A car bombing in the Spanish island of Majorca has killed two Civil Guard officers and led to ports and airports being shut for a time.

Thousands of tourists were affected as some flights were turned back or diverted to other Spanish islands.

Spain said the blockade was meant to "prevent the terrorists from fleeing". Police said a second unexploded device was found near the explosion site.

The blast comes a day after a similar attack in northern Spain injured 46.

The government has blamed both on the Basque separatist group Eta.

Spanish Prime Minister Jose Luis Rodriguez Zapatero described the killings as "vile" and paid tribute to the Civil Guards.

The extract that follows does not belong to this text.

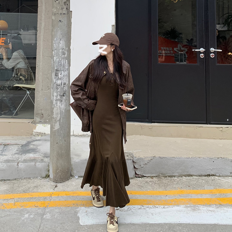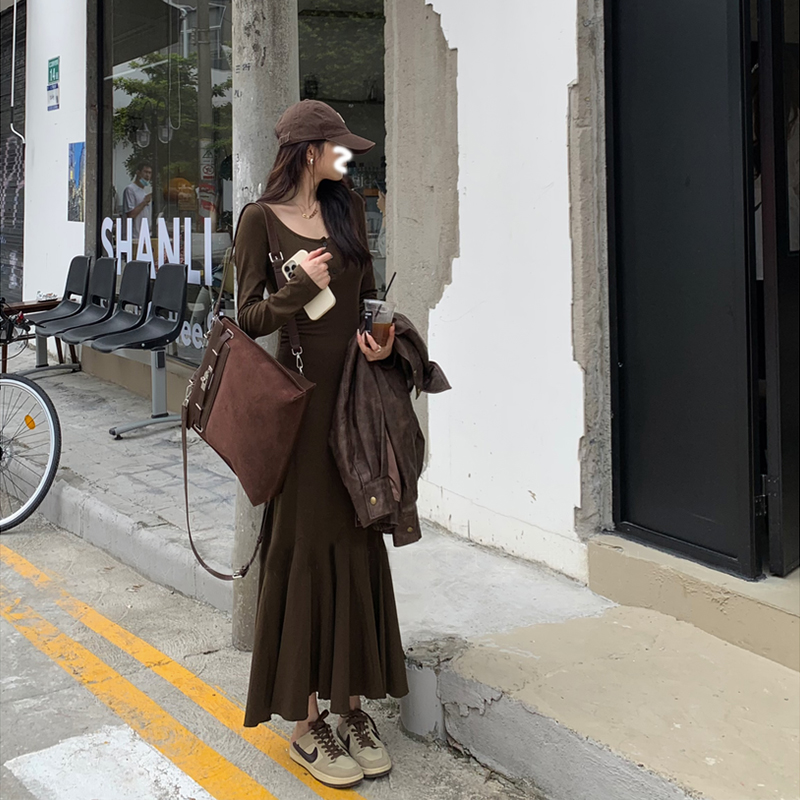 长款 DPLAY2025年秋季 红色连衣裙女好看气质洋气修身 法式 裙子 新款

He said the killers would be caught.

"They will not be able to escape, they will not be able to evade justice," he said.

Eta has been held responsible for more than 820 deaths during its decades-long campaign for an independent homeland in Spain's Basque region.

The bombs come ahead of the 50th anniversary of Eta's founding, on Friday.

A spokeswoman for the Civil Guards told the AFP news agency that the two officers killed in Thursday's attack had been inside a patrol car parked outside the El Foc barracks in Palmanova when the bomb exploded, just before 1400 (1200 GMT).

ANALYSIS
Marian Hens
BBC News, Madrid
Eta is trying to present this as a sign of the group's renewed strength.

After repeated arrests of its leadership and the success of the anti-terrorist campaign launched by the Spanish and the French authorities, the armed Basque separatists had been gradually losing ground.

In recent years, the organisation has also seen its political base eroded and support in the Basque county drop to the lowest level in the group's history.

Several other people were also said to have been injured by the blast, which happened in a busy area where there is also a post office and health centre.

Police said a second device was found under a civil guard vehicle at another nearby barracks.

Spain's Interior Minister Alfredo Perez Rubalcaba blamed Eta for the attack.

"We have always known that they are murderers and savages. Always," he told TVE Internacional.

"Today, we also know that they are murderers, savages and crazed.

"And this does not make them stronger, but it undoubtedly makes them more dangerous," he added.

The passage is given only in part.